Human herpesvirus-8 (HHV-8) is the etiologic agent that leads to the development of all forms of KS. In addition, HHV-8 has been identified as the causative agent of multicentric Castleman disease (MCD), primary effusion lymphomas, solid immunoplastic/plasmablastic lymphomas (SIPLs), and cases of large B-cell lymphoma arising in MCD.9-13 There are four epidemiologic forms of KS recognized: (1) sporadic cases of classic KS; (2) endemic KS, seen in infants and young males of central Africa; (3) iatrogenic KS, secondary to immunosuppression (e.g., post-transplant); and (4) AIDS-related KS.6,14,15
KS is an angioproliferative neoplasm that may involve the skin, lymph nodes, or viscera in a varying combinations and severity, often in a multifocal presentation.6,13,16 Morphologically, ten variants of KS have been described: patch, plaque, nodular, lymphadenopathic, exophytic, infiltrative, ecchymotic, telangietactic, keloidal, and cavernous/lymphangioma-like. The progression of disease is similar in all cases with progression from early lesions (patches) to more advanced lesions (plaques) and ultimately nodular lesions. 6,13 In cutaneous KS, early stage lesions appear as violaceous patches, which may resemble junctional melanocytic nevi or nevus flammeus.17,18 Cutaneous KS may rarely become infiltrative or exophytic. However, infiltrative KS is rarely reported outside of Africa. Exophytic KS may erode into underlying bone. Telangiectactic KS appears as an eruption of pink, translucent nodules with prominent telangiectasia.19 Periorbital ecchymoses are seen in ecchymotic KS.20 Brown-to-violaceous keloidal nodules are seen in keloidal KS.19 Lymphangioma-like/cavernous KS is typically seen on the lower leg as a bullous-like eruption of dilated vascular spaces.21 Visceral KS is most prominent in the gastrointestinal tract and lymph nodes.22
Histologically, the cellular components of KS vary with the stage of disease.13 In early stages, patch lesions are defined by dermal proliferations of vascular spaces composed of irregular endothelial cells alongside normal capillaries. In plaques, there are sheets or fascicles of spindle cells that encircle slit-like vascular space. Finally, in nodular lesions, the spindle cells predominate forming large fascicles often with extravasated red blood cells, and less obvious slit-like vascular spaces.
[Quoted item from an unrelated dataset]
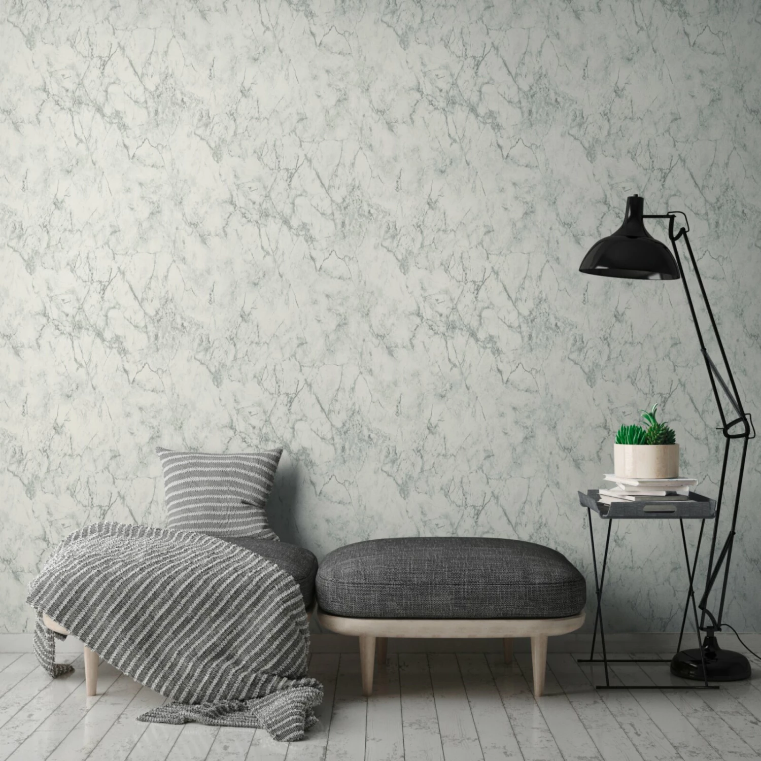 Vliestapete MATERIALS – weiß – Marmor – 10 Meter

Spindle cells resemble plump endothelial cells with minimal cytologic atypia, and mitotic activity is usually low to absent. As these spindle cells originate from the endothelium but acquire the phenotype of endothelial lymphatic cells, they are immunoreactive for VEGRF3 and podoplamin (D2-40) as well as other endothelial markers, including CD34, CD31, Factor VIII, actin, and von Willebrand factor (vWF).23,24 Importantly, the presence of HHV-8, often demonstrated by reactivity for HHV-8 latency-associated nuclear antigen-1 (LANA-1) confirms the diagnosis of KS.
Kaposi sarcoma is a vascular neoplasm defined by its association with HHV-8. As shown in the reported case, KS is frequently seen in association with HIV/AIDS, and is regarded as an AIDS-defining illness. Morphologic and cytologic features that aid in the diagnosis include the identification of groups or fascicles of spindle cells with minimal cytologic atypia and the presence of abundant extravasated red blood cells. Immunohistochemical staining for HHV-8 is crucial in differentiating KS from other vascular tumors, which otherwise show an identical phenotype.